Look below for the line holding "1940's Black Homemade" and the line holding "and eye-catching look.". Repeat those two and everything between, exactly.

RECORDS SHOWN —
★ ★ ★ ★ ★

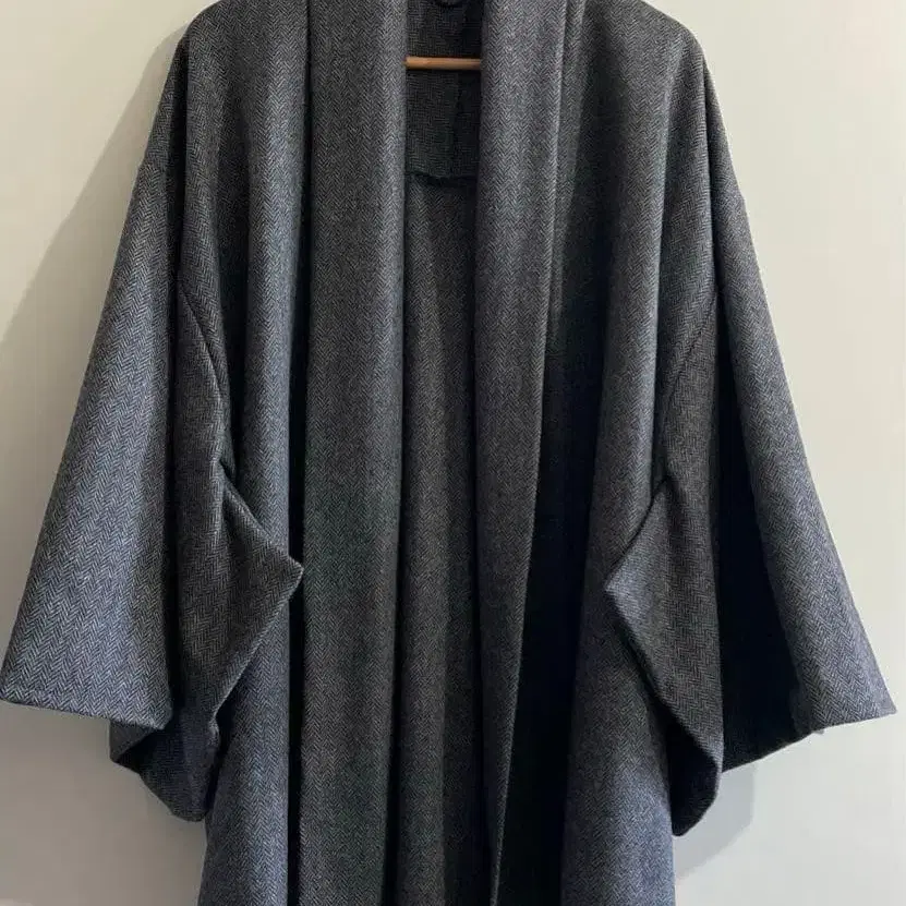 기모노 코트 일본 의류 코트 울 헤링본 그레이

★ ★ ★ ★ ★

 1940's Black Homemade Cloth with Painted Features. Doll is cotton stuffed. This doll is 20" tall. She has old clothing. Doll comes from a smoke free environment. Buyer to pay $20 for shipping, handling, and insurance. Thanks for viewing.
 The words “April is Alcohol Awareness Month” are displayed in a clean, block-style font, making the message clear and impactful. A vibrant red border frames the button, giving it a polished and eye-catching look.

★ ★ ★ ★ ★

EXERCISE ANSWER —
 1940's Black Homemade Cloth with Painted Features. Doll is cotton stuffed. This doll is 20" tall. She has old clothing. Doll comes from a smoke free environment. Buyer to pay $20 for shipping, handling, and insurance. Thanks for viewing.
 The words “April is Alcohol Awareness Month” are displayed in a clean, block-style font, making the message clear and impactful. A vibrant red border frames the button, giving it a polished and eye-catching look.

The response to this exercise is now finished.